The 2022 Language Summit [1] included a discussion about the issue and PR backlog. The premise was Sam Schillace’s observation that “a large pile of old, low-ish priority bugs […] obscures both newer quality issues as well as the overall drift of the product. It’s far better to resolve something to the right bucket or ‘will not fix’ to keep the tool clean for things that matter.” [2]
There were a number of interesting suggestions, but not enough time to discuss any of them at depth. In the next few weeks we will be creating a thread for each of the ideas, so that it can be discussed and we can reach a collective decision about which changes we want to implement in our work practices. This is the first in the series.

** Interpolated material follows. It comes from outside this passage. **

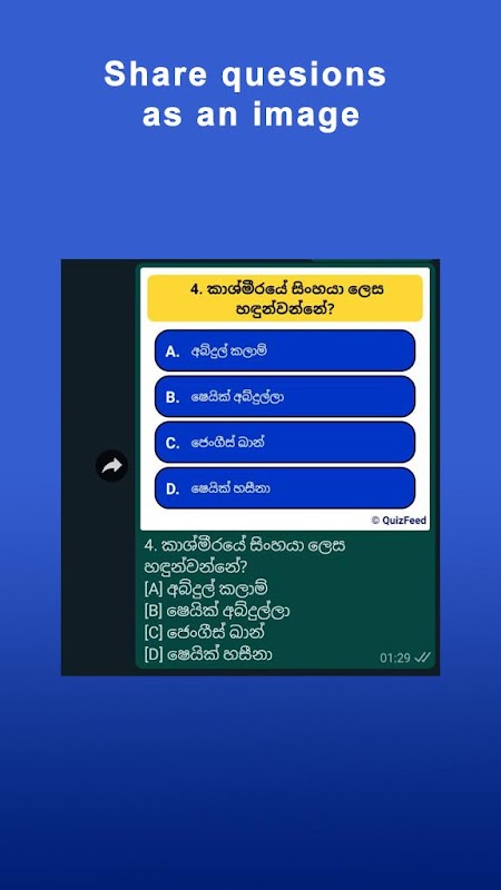 Quiz feed is not limited to narrow range of questions. It spreads to a broad range od questions which are from History of Sri Lanka, History of world, Technology, Science, Innovations, Art, Geography, Current affairs, Agriculture etc.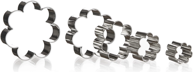 Découvrez un set universel d’emporte-pièces en forme de fleur, idéal pour sablés, pain d’épices, biscuits et décoration de gâteaux. Grâce à cinq tailles différentes, vous créerez des ensembles de formes parfaitement assortis, du mini aux motifs plus grands. La tôle étamée résistante assure une découpe nette et un entretien facile.

@pablogsal mentioned in the discussion a problem that I will call “core developer fatigue”, where it is sometimes easier to leave an issue open than discuss the closure decision with the person who reported it. In other words, letting someone down is an unpleasant task, and many low-value issues remain open because we would rather avoid it.
In a slightly different context, @tiran suggested that we create standard explanations for the most common closure reasons, which a core dev can apply without having to type repetitive comments.
I think Christian’s suggestion may actually help not only with reducing the typing workload, but also with the emotional fatigue that Pablo described, because canned responses tend to feel less personal to both sides of the exchange.
We could implement Christian’s suggestion by adding a number of close-reason labels, like close-out-of-date, close-cannot-reproduce, close-unsupported-platform, close-abandoned etc. We can then have a bot that responds to this label by closing the issue with the canned response. The core dev can always add information in an additional comment if necessary.